Suspected fighters of the Allied Democratic Forces (ADF) have killed 16 people in eastern Democratic Republic of the Congo (DRC), in attacks that took place as a joint operation by Congolese and Ugandan forces against the armed group is currently under way.
Local officials said on Friday the attacks took place late on Wednesday in the rural commune of Mangina and nearby Masiriko in the DRC’s North Kivu province.
Freddy Mbayayi, deputy mayor of Mangina, told Reuters news agency an unknown number of people had also been kidnapped during the attack.
Resident Pelka Josaphat said four family members had been abducted as people were being killed with machetes. “It was horrible to see mothers, children and elderly people fleeing the cruelty of the ADF,” Josaphat told Reuters.
Local officials said the attackers belonged to the ADF, which the United States has linked to ISIL (ISIS) and is one of the most dangerous armed groups roaming the mineral-rich eastern DRC.
Last month, Ugandan authorities also blamed the ADF for deadly suicide bombings in the capital, Kampala. The November 16 attack killed at least four people and wounded dozens more.
Uganda and the DRC have since launched joint military operations against the ADF, with Ugandan forces mounting air and artillery raids against the group’s bases and sending thousands of troops across the border.
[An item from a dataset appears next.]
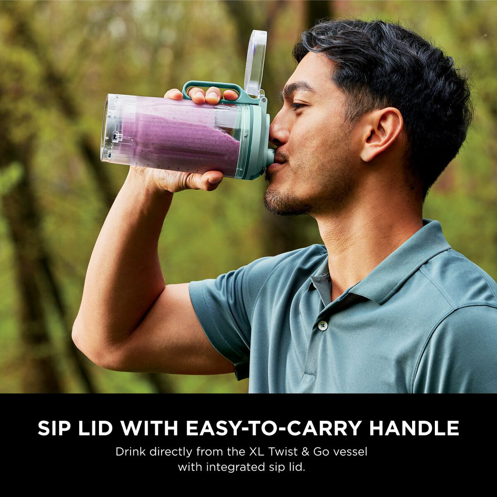 Drink directly from the Twist & Go vessel with integrated sip lid. Take your drink to-go with a comfortable silicone handle for convenient carrying.

Uganda has promised to stay as long as necessary to defeat the ADF, but the intervention has alarmed some Congolese, who recall Uganda’s plundering of their resources during the DRC’s second civil war that raged from 1998 to 2003.
The ADF was founded in Uganda in 1995 and later moved to the DRC where it is among dozens of armed groups seeking control over territory and mineral resources in the east of the country.